It has been previously shown that CD38 is highly expressed on CD4/CD8 DN TCRαβ+ thymocytes (36), a population enriched for iNKT cells. Therefore, a decreased ability to produce iNKT cells could be one plausible explanation for why NOD.CD38null mice are unable to respond to α-GalCer treatment to the same extent as standard NOD controls. To test this possibility, numbers of iNKT cells in NOD and NOD.CD38null mice were compared. Thymocytes and splenocytes were initially stained with α-GalCer-loaded CD1d dimers. In the thymus, iNKT cell numbers and proportions were equivalent in WT and CD38-deficient NOD mice (Fig. 4,A). In sharp contrast, numbers of splenic iNKT cells were significantly lower in NOD.CD38null mice (Fig. 4,B). Most of the reduction is due to a preferential loss of CD4+ iNKT cells (Fig. 4 B). In liver, the frequency of CD4+ iNKT cells is also significantly decreased in NOD.CD38null mice (data not shown). Therefore, the expansion and/or survival of iNKT cells in the periphery, especially the CD4+ subset, are CD38 dependent. These results agree with a previous report where no differences in DN TCRαβ+ thymocytes, presumably iNKT cells, were observed between WT and CD38 knockout (KO) mice (26). However, numbers of peripheral iNKT cells were not determined in the previous study. It should also be noted that the significant loss of peripheral, but not thymic CD4+ iNKT cells, induced by an absence of CD38 was not a trait restricted to autoimmune NOD mice, because the same phenotype was observed in a C57BL/6 background stock (data not shown).

FIGURE 4.

NOD.CD38null mice have reduced numbers of iNKT cells in the periphery. Single-cell suspensions were prepared from the thymus (A) and spleen (B) of age-matched NOD and NOD.CD38null female mice (6–9 wk old), and stained with α-GalCer-loaded or empty CD1d dimers (CD1d-Ig). Specific binding was calculated based on the difference between the staining of α-GalCer-loaded and empty CD1d dimers. The flow cytometric profiles of representative mice are shown (left).
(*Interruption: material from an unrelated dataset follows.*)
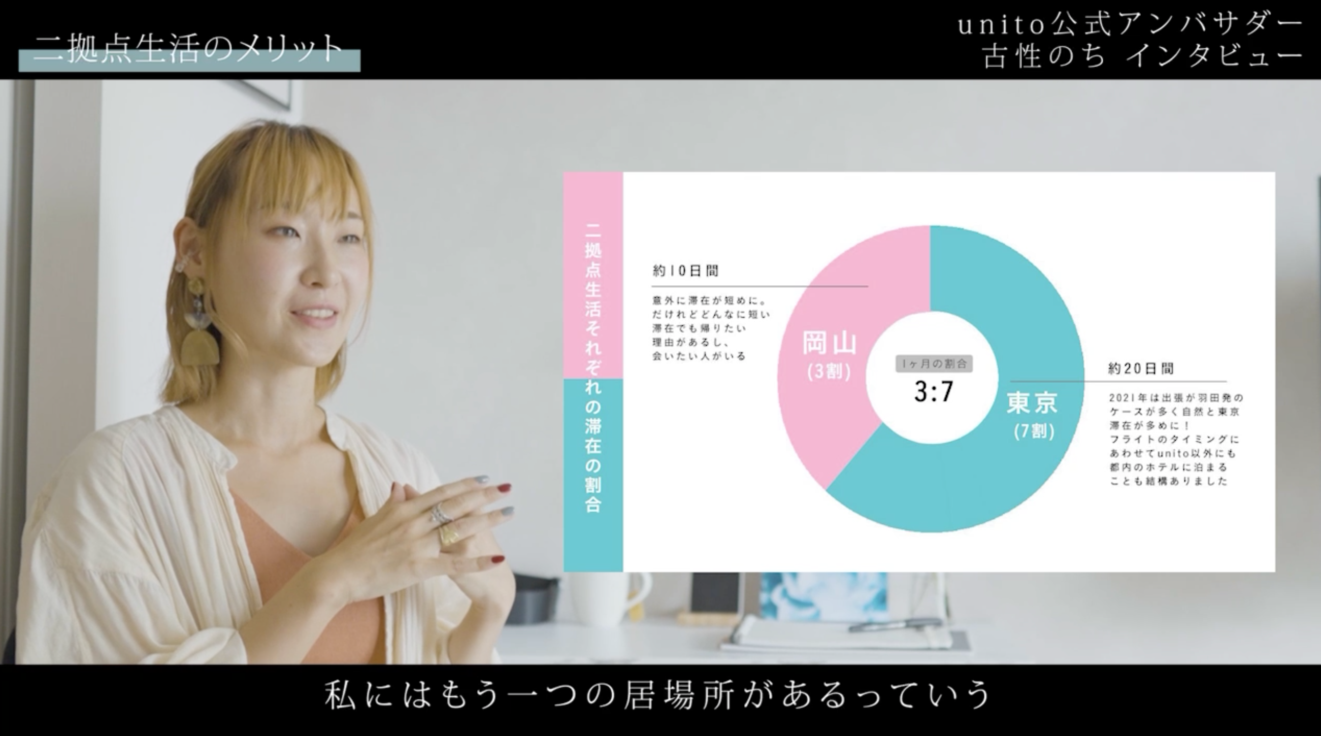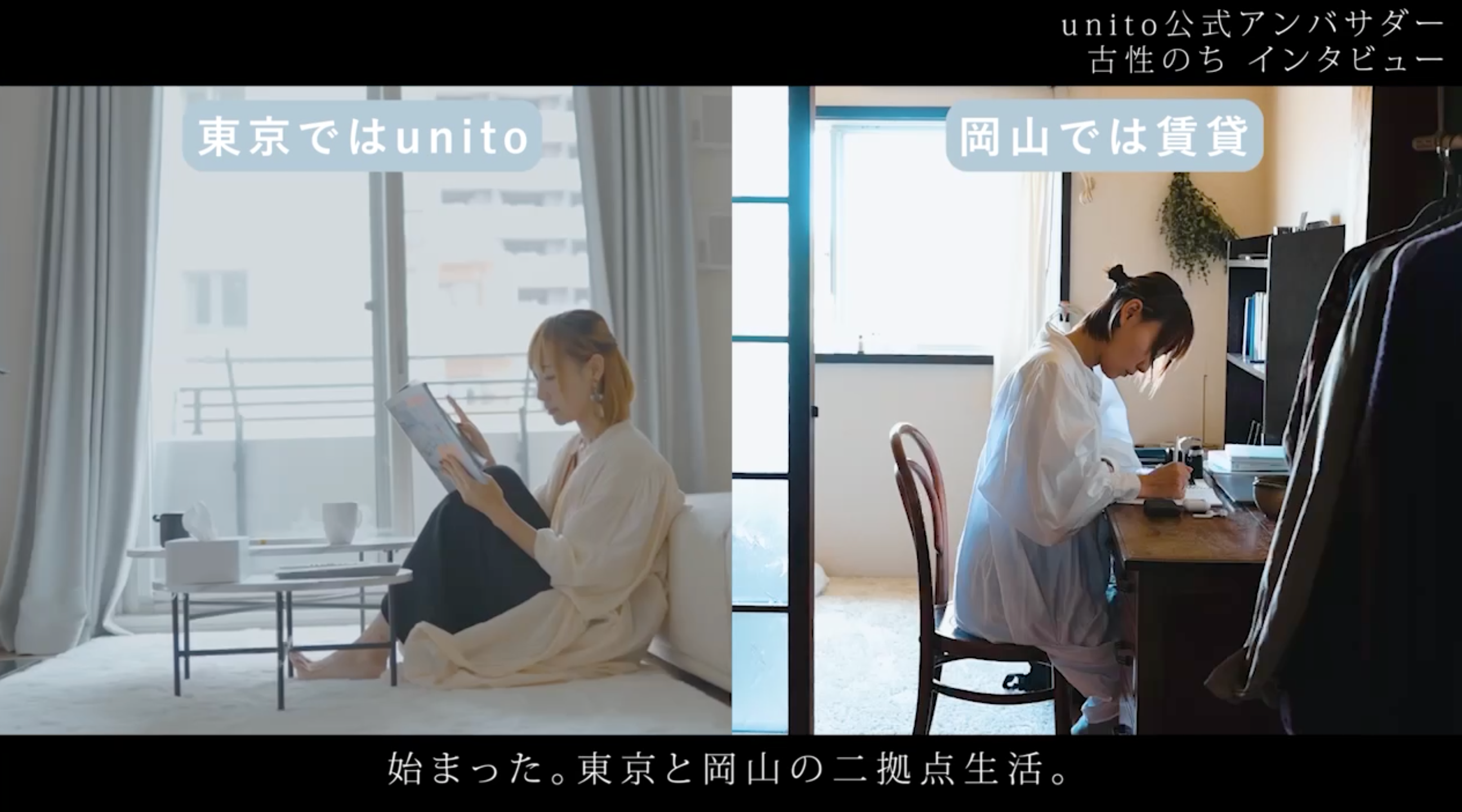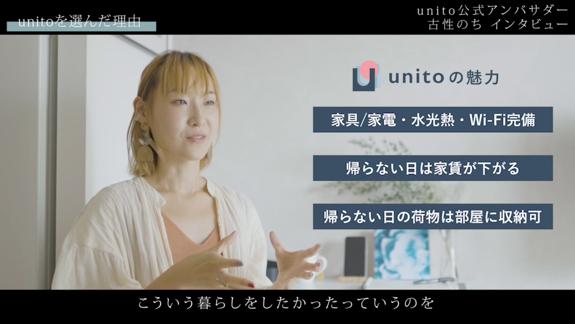 帰らない日は家賃がかからない住まい「unito」、二拠点生活アンバサダー・古性のちさんのインタビュームービーを公開

Data points in the summarized results depict numbers of CD4+ (middle) and DN (right) iNKT cells in four mice from each group.

FIGURE 4.

NOD.CD38null mice have reduced numbers of iNKT cells in the periphery. Single-cell suspensions were prepared from the thymus (A) and spleen (B) of age-matched NOD and NOD.CD38null female mice (6–9 wk old), and stained with α-GalCer-loaded or empty CD1d dimers (CD1d-Ig). Specific binding was calculated based on the difference between the staining of α-GalCer-loaded and empty CD1d dimers. The flow cytometric profiles of representative mice are shown (left). Data points in the summarized results depict numbers of CD4+ (middle) and DN (right) iNKT cells in four mice from each group.

Close modal

We reasoned that activity of the ectoenzyme ART2 could explain the reduced peripheral numbers of iNKT cells in the absence of CD38. In mice, the duplicate Art2 genes, Art2.1 and Art2.2, encode GPI-anchored cell surface enzymes on subsets of T cells (32). ART2 has been reported to regulate T cell function by transferring the ADP-ribosyl moiety of NAD onto other cell surface proteins, including LFA-1, CD8, CD27, CD43, CD44, CD45, and the P2X7 purinoceptor (37). ART2-expressing T cells exposed to NAD undergo rapid death through a pathway involving ADP-ribosylation and activation of the P2X7 purinoceptor (37). Activated P2X7 induces calcium flux and formation of membrane pores, leading to cell death (37). Interestingly, CD38 decreases ART2-mediated ADP-ribosylation of T cell surface proteins by reducing the available amount of the ecto-NAD substrate (31). Therefore, we asked whether iNKT cells express ART2 and, as a result, are sensitive to NAD-induced cell death. CD1d tetramers were used to identify iNKT cells. Most thymic iNKT cells did not express ART2 in both WT and CD38-deficient NOD mice (Fig. 5,A). In sharp contrast, a significant proportion of iNKT cells in the spleens and PLNs of standard NOD mice expressed high levels of ART2, and this was particularly pronounced in the CD4+ subset (Fig. 5, B and C). Interestingly, the greatest decrease in iNKT cells in CD38-deficient NOD mice is within the CD4+ subset that coexpresses ART2 (Fig. 5 D).

FIGURE 5.

The loss of peripheral iNKT cells in NOD.CD38null mice is mediated in an ART2-dependent, NAD substrate-induced manner. Single-cell suspensions were prepared from the thymus (A), spleen (B), and PLNs (C) of age-matched NOD (WT) and NOD.CD38null (CD38 KO) female mice (6–8 wk old), and stained with anti-CD3, CD4 and ART2 Abs and CD1d tetramers. The flow cytometric profiles of representative mice are shown. The summarized results of numbers of various subsets of iNKT cells in spleens from four mice of each strain are depicted in D. E, ART2-dependent NAD-induced cell death of iNKT cells. Splenocytes from four NOD, NOD.Art2null, and NOD.Art2null.CD38null female mice at 6–8 wk of age were incubated with 0, 2, or 8 μM of NAD at 37°C for 30 min. Subsets of iNKT cells were identified by anti-CD3 and CD4 Abs and CD1d tetramers. Apoptotic cells were determined by annexin V and PI staining. Annexin V binding was determined on PI-negative cells. Results are presented as mean percentages ± SEM of annexin V-positive cells among the DN and CD4+ iNKT populations in the spleens of the four mice from each strain. F, ART2-dependent loss of splenic iNKT cells in CD38 deficient NOD mice. Data depict numbers of total splenic iNKT cells as determined by α-GalCer-loaded CD1d tetramer staining in four to eight age-matched (6–8 wk old) females from each of the four indicated strains.

FIGURE 5.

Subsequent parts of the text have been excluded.